If the transaction is one in which the other party or parties have expended resources in reliance on the canceling party's performance, an attempt to exercise a right to cancel that is not legally present may result in wrongful injury and damages to the other party or parties. The other party also may have a reasonable expectation that he, she or it will receive the payment or other performance that the canceling party purported to agree to provide. If a court should later determine that a party who cancels had no legal right to cancel, that party may have committed a breach of contract for which he or she may be liable for the other party's or parties' losses.
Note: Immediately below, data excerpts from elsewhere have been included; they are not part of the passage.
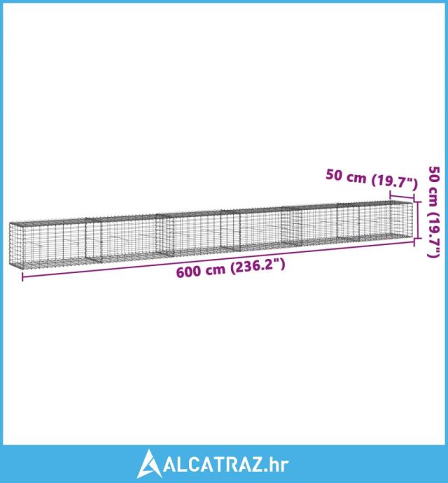 Gabionska košara s poklopcem 600x50x50 cm od pocinčanog željeza - NOVO
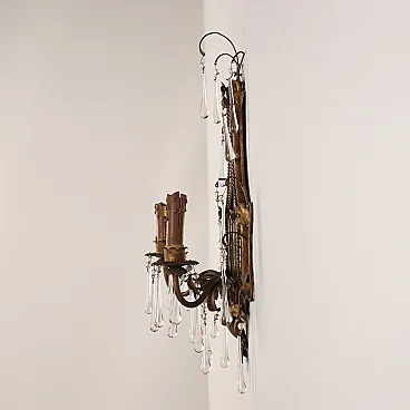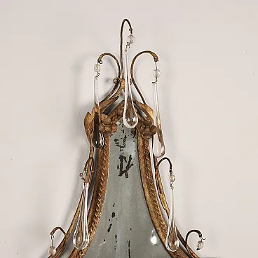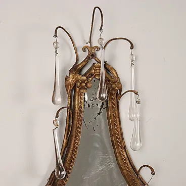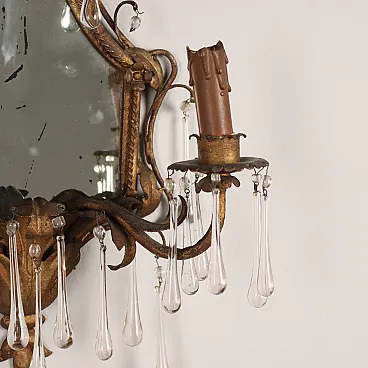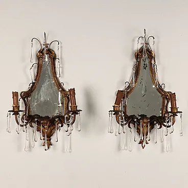 Pair of metal and glass wall lights with mirror, early 20th century
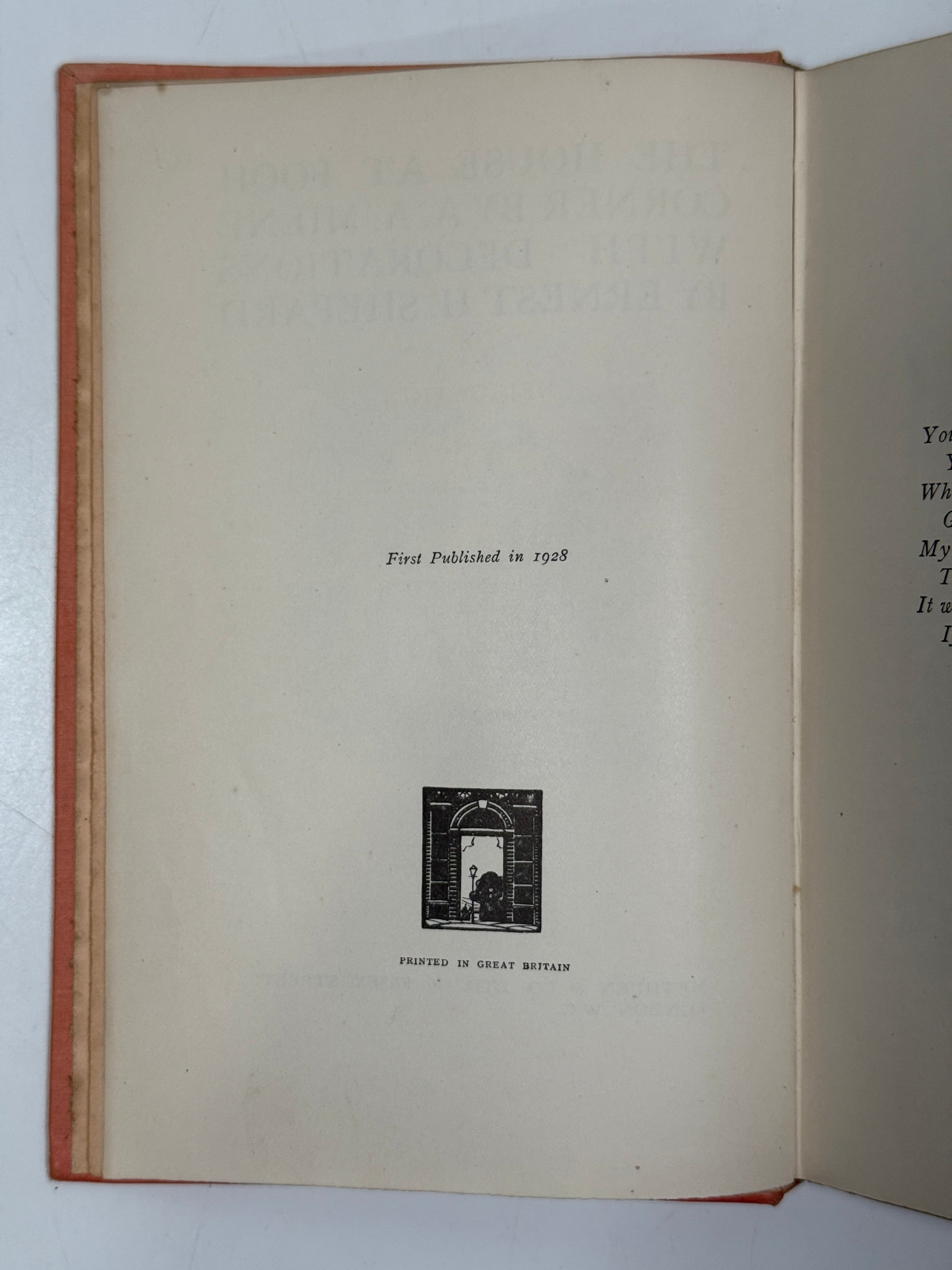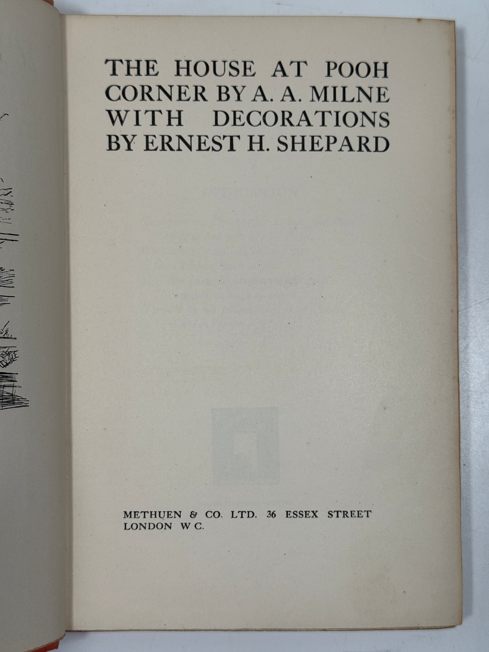 The House at Pooh Corner by A. A. Milne with Decorations by Ernest H. Shepard. London: Methuen & Co., Ltd., 1928.

Since contract law has many facets, and since a particular transaction can also have many facets, it may be impossible for a person who is not an expert in both the law and the subject matter to fully assess the risks that may be present. That is why a party to a contract who desires to cancel on one of the legal grounds should consult with an experienced person (lawyer or non-lawyer) before deciding to cancel.
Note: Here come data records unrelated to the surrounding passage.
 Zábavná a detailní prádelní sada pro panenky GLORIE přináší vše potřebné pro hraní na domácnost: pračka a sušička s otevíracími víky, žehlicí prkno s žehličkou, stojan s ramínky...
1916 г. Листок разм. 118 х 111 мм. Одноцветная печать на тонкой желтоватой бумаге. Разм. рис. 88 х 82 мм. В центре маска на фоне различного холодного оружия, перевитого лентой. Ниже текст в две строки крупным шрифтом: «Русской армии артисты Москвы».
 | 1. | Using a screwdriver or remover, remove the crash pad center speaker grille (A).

5.3) Exercising Statutory Right to Cancel

In order to exercise a statutory right to cancel (such as the three-day right to cancel "home solicitation sales"), the canceling party must comply with any statutory requirements contained in the statute that confers the right to cancel.

As noted in Part 2, most statutes that confer a right to cancel without cause (that is without proving fraud or other grounds for canceling) require the canceling party (typically the buyer) to give notice in writing, and to comply with written instructions on how to cancel which the seller must provide to buyers when they first enter into the contract. This typically involves mailing or delivering to the seller a written notice of cancellation within a specified number of days after entering into the transaction and transmitting the notice to a particular address.

If the seller did not provide the statutorily required instructions, the right to cancel is typically extended to the date (if ever) when the required instructions are in fact provided by the seller to the buyer, plus the number of days in which the buyer is permitted to cancel after receiving that information. In all situations, the statute conferring the right to cancel must be consulted. (These are discussed in Legal Guide K-6, Transactions With Statutory Consumer Contract Cancellation Rights, and Legal Guide K-10, Contracting With a Contractor: The Homeowner's Rights to Cancel.)

5.4) Electronic Commerce

If the parties have agreed that a transaction or series of transactions may be carried out electronically (see Legal Guide K-11, Electronic Signature Contracts in Consumer Internet Transactions), the parties' agreement to substitute electronic signatures and electronic records may enable the buyer to give electronically a notice that is otherwise required to be in writing (in the same way, if it is so agreed, that his or her original consent or other communications were transmitted). #228

5.5) Notice of Rescission

The rescinding (canceling) party must give the other party to the contract a notice of the rescinding party's decision to rescind. #229 The notice must be clear and unambiguous -- that is, must communicate an unquestionable decision to cancel.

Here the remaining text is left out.